TASK INSTRUCTIONS - Your copy of the entries below should hold exactly the lines from the one containing "оптимум роста 50-600С;" to the one containing "Papermate ปากกาลูกลื่น ปากกา", inclusive, and no pictures.

INFORMATION -

□ □ □ □ □ □ □

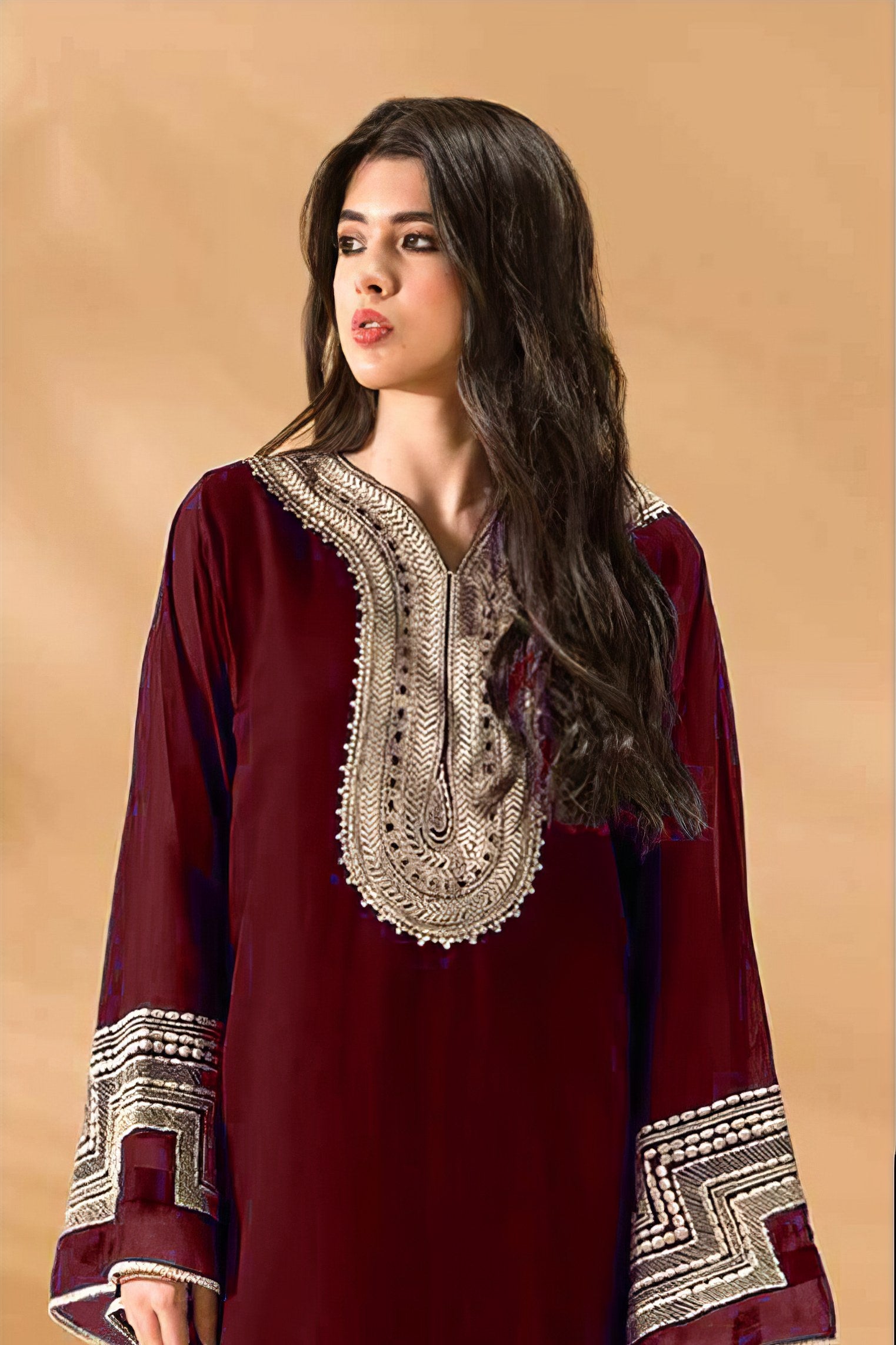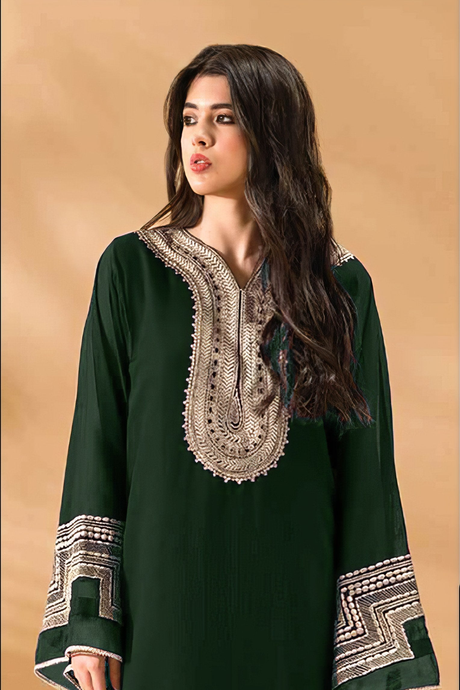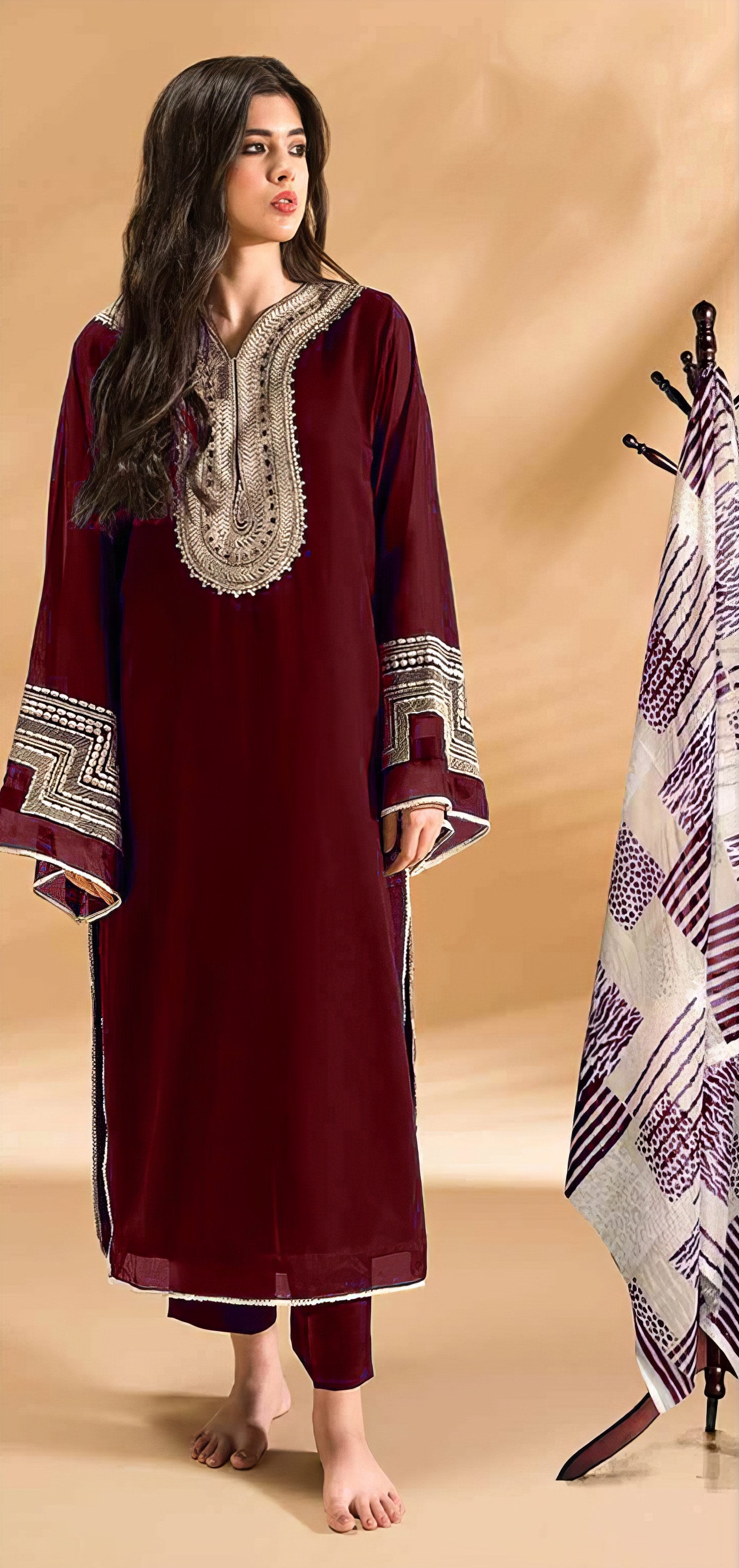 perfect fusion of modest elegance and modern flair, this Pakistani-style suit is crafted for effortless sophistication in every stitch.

□ □ □ □ □ □ □

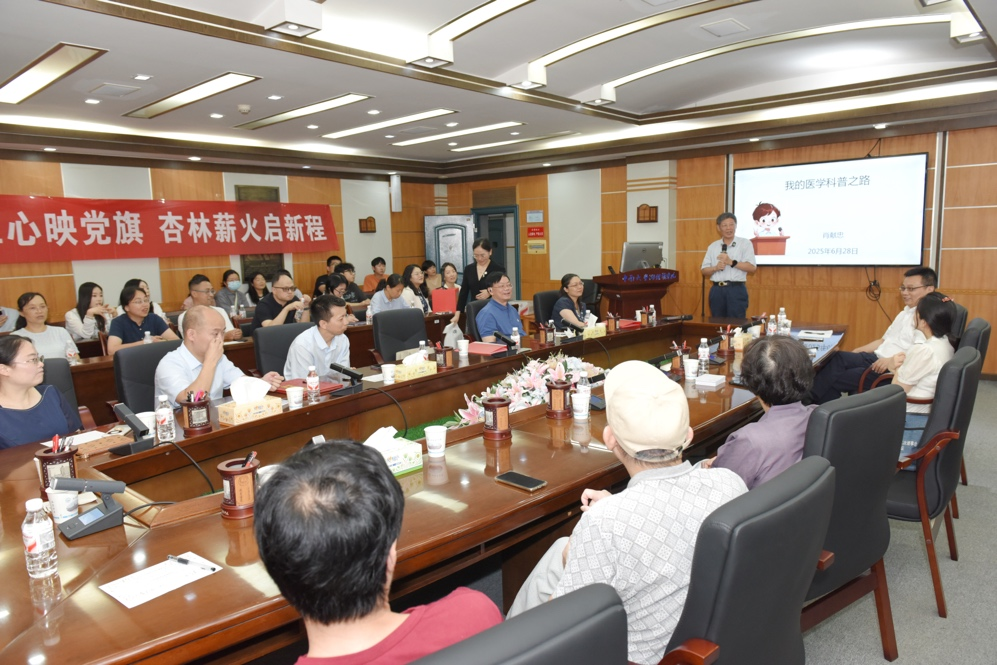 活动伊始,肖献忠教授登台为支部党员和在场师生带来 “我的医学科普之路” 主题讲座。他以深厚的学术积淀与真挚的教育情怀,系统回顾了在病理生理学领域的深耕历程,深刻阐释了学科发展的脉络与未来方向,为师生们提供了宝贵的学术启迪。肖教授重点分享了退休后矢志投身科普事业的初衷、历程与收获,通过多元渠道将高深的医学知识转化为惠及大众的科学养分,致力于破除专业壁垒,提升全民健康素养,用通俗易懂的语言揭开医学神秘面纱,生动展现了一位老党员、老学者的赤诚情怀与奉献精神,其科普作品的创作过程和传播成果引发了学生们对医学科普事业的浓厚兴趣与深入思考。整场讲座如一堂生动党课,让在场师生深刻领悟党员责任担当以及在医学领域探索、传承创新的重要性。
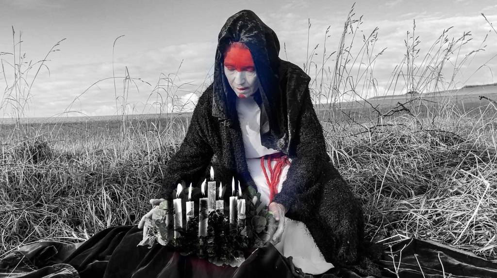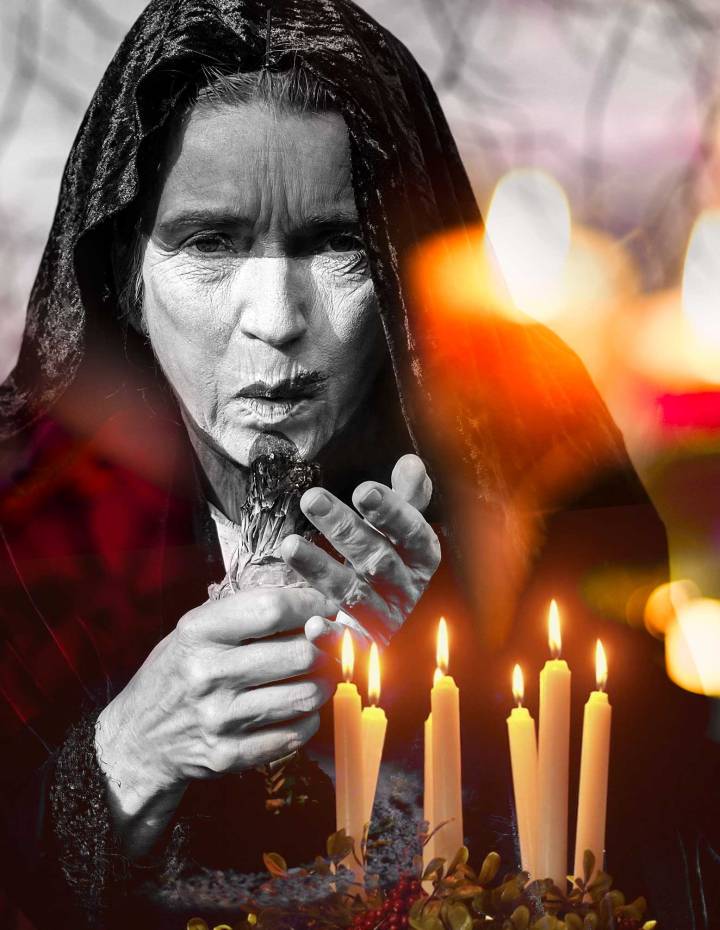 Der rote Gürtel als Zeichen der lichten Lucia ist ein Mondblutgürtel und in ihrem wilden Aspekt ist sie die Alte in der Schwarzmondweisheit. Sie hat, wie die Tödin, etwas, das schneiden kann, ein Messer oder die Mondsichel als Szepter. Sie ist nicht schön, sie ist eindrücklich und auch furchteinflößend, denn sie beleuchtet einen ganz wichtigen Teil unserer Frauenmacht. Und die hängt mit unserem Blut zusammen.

□ □ □ □ □ □ □

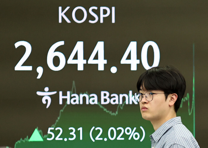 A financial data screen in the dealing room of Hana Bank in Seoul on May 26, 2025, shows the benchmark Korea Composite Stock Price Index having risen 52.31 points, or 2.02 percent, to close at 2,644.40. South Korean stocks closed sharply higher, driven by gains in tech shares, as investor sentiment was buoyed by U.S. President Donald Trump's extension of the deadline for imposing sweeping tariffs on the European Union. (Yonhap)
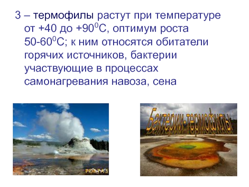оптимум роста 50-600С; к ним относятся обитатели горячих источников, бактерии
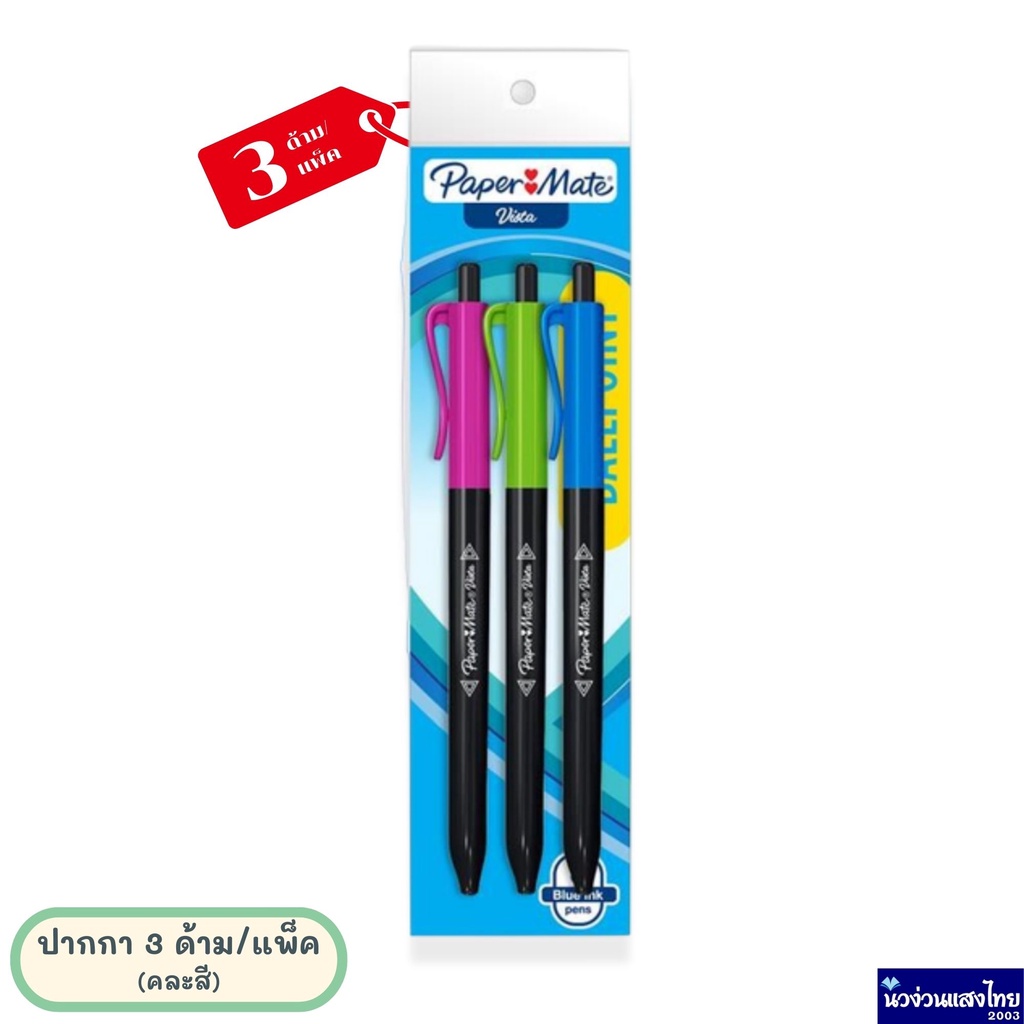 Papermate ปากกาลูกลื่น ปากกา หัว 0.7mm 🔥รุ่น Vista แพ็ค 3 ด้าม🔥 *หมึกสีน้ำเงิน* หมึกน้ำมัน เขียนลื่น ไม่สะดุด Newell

□ □ □ □ □ □ □

ANSWER SPACE -
оптимум роста 50-600С; к ним относятся обитатели горячих источников, бактерии
 Papermate ปากกาลูกลื่น ปากกา หัว 0.7mm 🔥รุ่น Vista แพ็ค 3 ด้าม🔥 *หมึกสีน้ำเงิน* หมึกน้ำมัน เขียนลื่น ไม่สะดุด Newell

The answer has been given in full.